Козеф Й., довольствуясь ролью простого наблюдателя, безмолвно ждал, что за всем этим последует.
— Чего? — подал голос Фабиус, приподнимаясь на локтях.
Франц Хосс, убедившись, что его подручный проснулся, уже не спешил рассказывать ему, в чем дело. Он сел на стул и перелил из одной чашки в другую несколько капель чаю, оставшегося с вечера. Выпил, причмокнул и вытащил папиросы.
— Плохи дела, — сказал он после нескольких затяжек.
Фабиус протер глаза, зевнул и потянулся так, что хрустнули все косточки. Заметив Козефа Й., который стоял с тюфяком наперевес, он просиял улыбкой:
— Доброе утро, господин Козеф.
— Доброе утро, — откликнулся Козеф Й.
Как бы выполнив ритуал, старый охранник решился встать.
— Побег, — сказал Франц Хосс торжественно.
— Где? — вскинулся Фабиус.
— Внизу, на втором, — сказал Франц Хосс.
Гримаса мгновенного беспокойства на лице у Фабиуса разгладилась, как по волшебству. Повезло, что хотя бы не у них.
Францу Хоссу не понравилось, как Фабиус воспринял известие. Какое значение имело то, что побег произошел у других, на втором ли, на третьем ли этаже. Значение имело то, что побег допустили, вот что было катастрофой.

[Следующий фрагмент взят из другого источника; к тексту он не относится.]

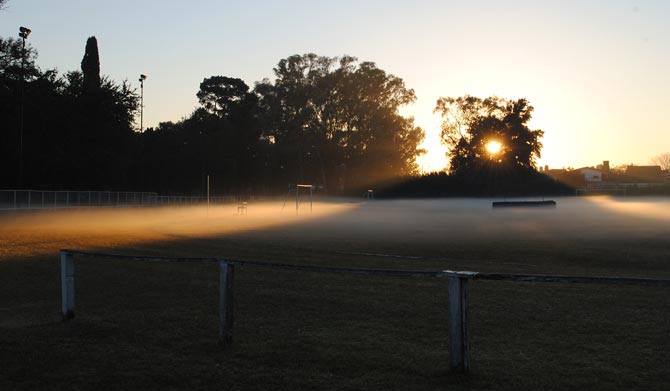 Los amaneceres de otoño nos regalan unos paisajes memorables en el campus del Colegio Ward. El sol, de apoco, se asoma por el este detrás del edificio de la Iglesia Metodista de Villa Sarmiento, y lentamente va creciendo con sus rayos entre la niebla tenue que se desplaza por el césped.

«Почему?» — мысленно спросил его Козеф Й.
— Потому! — гаркнул Франц Хосс, обращаясь неизвестно к кому. — Допустили!
Потому что распустились, это не персонал, а чучела гороховые. Разве это тюрьма? Что угодно, только не тюрьма. Никакого уважения, ни у кого ни к кому. У заключенных нет ничего святого. Все пошло вкривь и вкось, все опошлилось. То ли дело раньше. Ого-го, в наше-то время! Как все обдумывалось, как взвешивалось! В тюрьме все шло как по маслу. Арестант был арестант, охранник — охранник, солдат — солдат, начальство — начальство и так далее, и тому подобное. Все уважали друг друга и все точно знали, кому что положено, и не хватали лишку. Все тогда было строго, всерьез, грамотно. Внутренний двор был, как игрушечка, на кухне кормили на славу. Стены были белые, аж светились, каждую неделю трещины замазывались известкой. Крыс и в помине не было, тюрьме выделялась квота отравы на систематическую дератизацию, а если вдруг не выделялась, находился кто-нибудь, кто умел такую отраву готовить. В камерах была образцовая чистота, каждый заключенный сам мыл свою камеру, сам скреб стены, пол и потолок. Белье заключенным меняли вовремя, всех обязывали каждый день бриться и мыть руки перед едой.
— Да-да! — подчеркнул Франц Хосс с горечью, пристально глядя на Фабиуса, который инстинктивно спрятал руки за спину.
— А щи! — вскрикнул Фабиус. — Какие щи варила повариха!
— Вот-вот! — загорелся Франц Хосс, как будто его озарило бесценное воспоминание.
— А по воскресеньям подавали вино! — выпалил Фабиус.
— Была часовня. Ходили в часовню, — добавил Франц Хосс.
— Общей не было, — подхватил Фабиус.
— Не было, потому что камер было достаточно, — счел нужным объяснить Франц Хосс скорее для Козефа Й., посверлив его взглядом.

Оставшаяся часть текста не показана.